Эта предосторожность была вызвана не поведением моих агентов, так как ни один из бывших воров и каторжников, поступивших ко мне, ничем не скомпрометировал себя во время своей службы в бригаде; некоторые из них снова впали в преступную жизнь, но уже когда были отставлены от службы. Ввиду прошлою и настоящего положения этих людей, я мог иметь над ними произвольную власть; чтобы удержать их в соблюдении их долга, необходима была железная воля и твердая решимость.
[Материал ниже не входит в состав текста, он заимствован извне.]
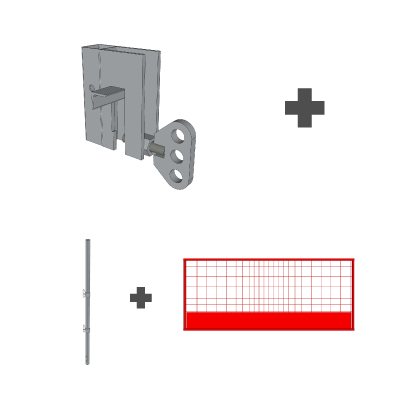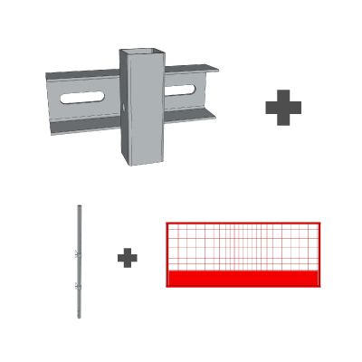 Suojakaidetolpat ovat modulaarisia. Käytössänne on aina samanlainen suojakaide ja tolppa verkkopidikkeellä. Valitsette vain, millä tolppajalalla haluatte kiinnittää tolpan alustaan.
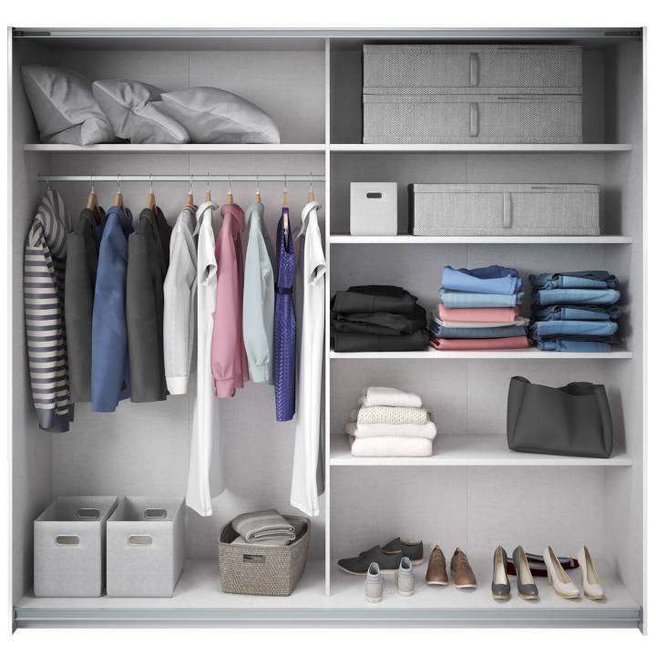Wnętrze szafy zostało starannie rozplanowane tak, aby ułatwić utrzymanie ładu i szybki dostęp do poszczególnych części garderoby. Do dyspozycji użytkownika oddano 5 półek przeznaczonych do przechowywania odzieży składanej oraz 1 drążek do ubrań wiszących. Taki układ sprawia, że wszystkie elementy garderoby mają swoje miejsce i pozostają dobrze uporządkowane.

Мое влияние на них главным образом происходило от того, что они не знали меня до поступления моего в полицию; многие видели меня в Форсе или Бисетре, но я никогда не был их товарищем по заключению, и они не могли бы привести ни одного дела, в котором я участвовал бы с ними или с кем-нибудь другим.
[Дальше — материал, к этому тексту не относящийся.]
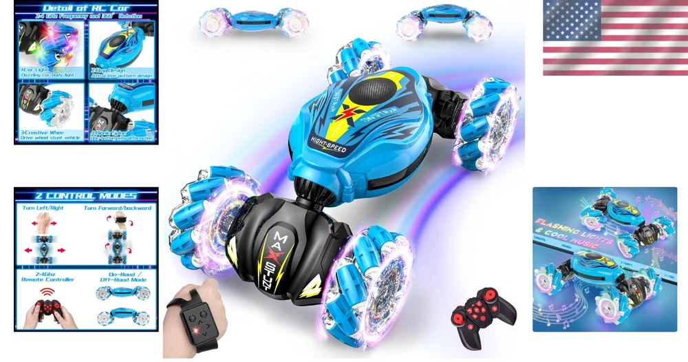 Hand Controlled Stunt Car with Light & Music - Perfect Gift for Kids Ages 3-12 ‹ › ‹ › ‹ › ‹ › ‹ › ‹ › ‹ › ‹ › ‹ › ‹ › Hand Controlled Stunt Car with Light & Music Perfect Gift for Kids Ages 3-12 Features: Two remote control methods: Gesture sensing and 2.4GHz remote control technology for sensitive, ultra-long-distance control. Colorful lights and cheerful music create an immersive experience for day or night driving. Full function with all-directional movement, 360° rotation, and twisting deformation. Sturdy, high-quality materials conquer various terrains like gravel, lawn, and sand. One-click display function shows all capabilities of the vehicle. Benefits: Exciting sensory experience with lights and music captivates children’s attention. Encourages the development of hand-eye coordination and motor skills through interactive control. Versatile use on all terrains provides endless opportunities for play and adventure. Designed with durability to withstand rough play, ensuring it lasts. Engaging for a wide age range, making it the perfect gift choice. Why choose our Hand Controlled Stunt Car? Looking for a thrilling gift that combines action, fun, and interactivity? Our Hand Controlled Stunt Car is ideal for kids aged 3-12, offering two exciting ways to control it. The gesture sensor technology allows them to perform stunts with their own movements, while the remote control provides extended range and sensitivity. Illuminate their world with dazzling lights and cheerful music, ensuring endless entertainment, whether indoors or outdoors. Give the gift of adventure and imagination this birthday, holiday, or special occasion – order your Hand Controlled Stunt Car today and watch their excitement unfold! Shipping Free & Fast Shipping - We offer free shipping to most of the USA with a normal delivery time of 3-7 days. However, due to the current situation, additional delivery time (up to 3 weeks) may be required for some items. Alternative Carriers - We may use alternative carriers (e.g. USPS, FedEx, UPS, etc.) to ensure your package arrives safely and on time. Due to the use of multiple carriers, we are unable to provide a tracking number automatically. Handling Time - Orders are processed and shipped within 1-2 business days of receiving cleared payment. Shipping Restrictions - Shipping to Alaska, Hawaii, Puerto Rico, Guam, and other US territories may incur shipping charges or delivery restrictions. Please contact us before ordering, or your order can be refunded/cancelled. State Restrictions - There may be restrictions based on your state of purchase. For example, certain items may not be shipped to California due to state regulations. Contact for Tracking Updates - If you require tracking updates or have any concerns about the delivery of your order, please feel free to contact us, and we will be happy to assist you. Return Please see our eBay Return Policy. Thank you. Payment We accept all major credit cards, PayPal, and Apple Pay for your convenience. Your payment information is secure and encrypted to ensure a safe and seamless transaction. Please complete your payment within 3 days of purchase to avoid any delays in shipping. Feedback Your feedback is extremely important to us. We strive to provide the best products and customer service possible. If you are satisfied with your purchase, please take a moment to leave us a positive review. If you have any concerns or issues with your order, please contact us before leaving negative feedback. We are committed to resolving any problems and ensuring your satisfaction. Contact Us If you have any questions or concerns, please feel free to reach out to our customer support team. You can contact us through the eBay messaging system. We are available Monday to Friday, 9:00 am to 5:00 pm EST, and we will do our best to respond to your inquiry within 24 hours. Thank you for supporting our small family business! UPC: Not Set MPN: Gesture_Sensing_RC_Stunt_Car Characteristics: Gesture Sensing RC Stunt Car Age Level: 12 Months & Under,3-4 Years,4-7,12-16 Years,17 Years & Up,8-11 Brand: Unbranded Type: Truck Scale: 1:10 Product Line: Not Set Model: Not Set Fuel Type: None Motor Type: Brushed 4WD/2WD: 4WD Color: Blue Recommended Surface: Off-Road & On-Road Model Grade: Not Set Required Assembly: Not Set Material: Plastic Vintage: Not Set Replica of: Not Set Country/Region of Manufacture: Not Set

Не лишнее заметить, что большинство моих агентов были освобожденные арестанты, которых я сам арестовал в те времена, когда они были во вражде с правосудием. По истечении срока их наказания они являлись ко мне с просьбой принять их к себе; убедившись в их способности и смышлености, я употреблял их в дело; вступив в мою бригаду, они исправлялись немедленно, но в одном только отношении: они переставали воровать; что касается остального, то они оставались по-прежнему людьми развращенными, преданными буйству, разврату, пьянству и в особенности игре. Многие из них проигрывали целиком свое месячное жалованье, вместо того, чтобы платить за стол, квартиру и портному за одежду, которая была у них на плечах. Напрасно я старался по возможности не давать им свободного времени — они всегда находили минуту, чтобы предаваться своим пагубным и порочным привычкам. Посвящая восемнадцать часов в день на службу при полиции, они успевали кутить и развратничать. От времени до времени они позволяли себе разные неподходящие выходки и дурачества; если проступки были неважны, я всегда извинял их. Надо было действовать по отношению к ним с некоторой снисходительностью, вспоминая старинную пословицу: горбатого исправит лишь могила. Пока их проступки не выходили из пределов распущенности, я ограничивался одними выговорами и внушениями; часто мои увещания не оказывали решительно никакого действия. — как об стену горох; но нередко, однако, они приносили пользу, смотря по характерам. К тому же все агенты, состоящие у меня на службе, были твердо убеждены, что они составляют предмет постоянного надзора с моей стороны, и они не ошибались, у меня были свои, так называемые «мухи» (mouches), уведомлявшие меня обо всем, что они делали: словом, вблизи и вдали я не терял их из виду и немедленно узнавал о всяком нарушении устава, которому они обязаны были подчиняться. Может быть, покажется удивительным, что во всех случаях, когда этого требовал долг службы, эти люди, лишенные всякой дисциплины и необузданные во всех отношениях, подчинялись безусловно моей поле. не страшась даже никаких опасностей.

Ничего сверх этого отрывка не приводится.